[Date Prev][Date Next][Thread Prev][Thread Next][Date Index][Thread Index]
Re: [screen-devel] [PATCH] :hardcopy: handle encoding (Was: Hardcopy use
From: |
Amadeusz Sławiński |
Subject: |
Re: [screen-devel] [PATCH] :hardcopy: handle encoding (Was: Hardcopy uses ISO-8859-1) |
Date: |
Thu, 11 Feb 2016 08:04:53 +0100 |
Hey,
sorry for delay with replying.
So I didn't apply that one, as to why: I'm working on rewriting
how screen handles encodings. The mchar struct after some changes is
unnecessarily big, it can be compressed to something like this:
struct mchar {
uint32_t image;
uint32_t attr;
uint32_t font;
uint32_t colorbg;
uint32_t colorfg;
}
image should be able to hold up UCS-4/UTF-32 characters (32 bit
character encoding), official UTF-8 is up to 21 bits (rfc3629)
attr holds attributes (BOLD, UNDERSCORE, BLINK etc.)
font is used by non utf-8 encodings (we can compress fontx into it)

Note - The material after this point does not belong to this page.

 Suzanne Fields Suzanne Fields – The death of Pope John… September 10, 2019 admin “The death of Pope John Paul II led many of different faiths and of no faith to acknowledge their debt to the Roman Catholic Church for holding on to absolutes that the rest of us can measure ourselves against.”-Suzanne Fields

colorbg, colorfg support 16/256/truecolor color encoding
removed ones:
fontx - it can be merged with font
mbcs - it's unnecessary with regards to UTF-8, current implementation
uses it to hold part which should be in image (previous versions of
screen had "char image; char mbcs;", so not enough bytes to hold it
there).
As for why there is no release, all your patches are against master
which is development branch for v5, I would like to finish rewriting
encoding handling before even considering putting up pre release
version.
Amadeusz
On Sat, 6 Feb 2016 16:39:46 +0100
Simon Ruderich <address@hidden> wrote:
> On Tue, Jan 26, 2016 at 02:46:29PM +0100, Simon Ruderich wrote:
> > Hi,
> >
> > I'm using GNU screen's hardcopy function to dump the current
> > screen content to a file. However the resulting file is encoded
> > in ISO-8859-1 although my current locale is UTF-8. This causes
> > corruption for characters which are not representable in
> > ISO-8859-1.
>
> Hello again,
>
> It's not actually using ISO-8859-1, but instead printing the
> first byte of ->image which seems to be the unicode code point.
>
> image.h:
> /* structure representing single cell of terminal */
> struct mchar {
> uint32_t image; /* actual letter like a, b, c ...
> */ [...]
> };
>
> fileio.c WriteFile():
> for (i = 0; i < fore->w_height; i++) {
> p = fore->w_mlines[i].image;
> for (k = fore->w_width - 1; k >= 0 && p[k] == ' '; k--) ;
> for (j = 0; j <= k; j++)
> putc(p[j], f);
> putc('\n', f);
> }
>
> This obviously doesn't work for characters > 255 which caused the
> garbled display for me.
>
>
> The attached patch should fix the issue. However somebody should
> verify my assumptions:
>
> I'm not 100% sure that ->image is actually the unicode code
> point.
>
> Double-width characters are followed by a character with ->image
> = 0xff and ->font = 0xff. I assumed that this means the character
> is a filler character to handle the fixed screen width correctly,
> but I'm not entirely sure. Is there a function/constant to check
> for fillers like this? Hard-coding 0xff doesn't sound like a good
> idea.
>
> I don't know how the fontp parameter of EncodeChar() is used:
>
> int EncodeChar(char *bp, int c, int encoding, int *fontp)
>
> Passing NULL seems to work though.
>
> Regards
> Simon
>
> PS: The Git repository contains a lot of commits since the last
> release. A new release of GNU Screen sounds like a good idea to
> get those fixes/improvements distributed.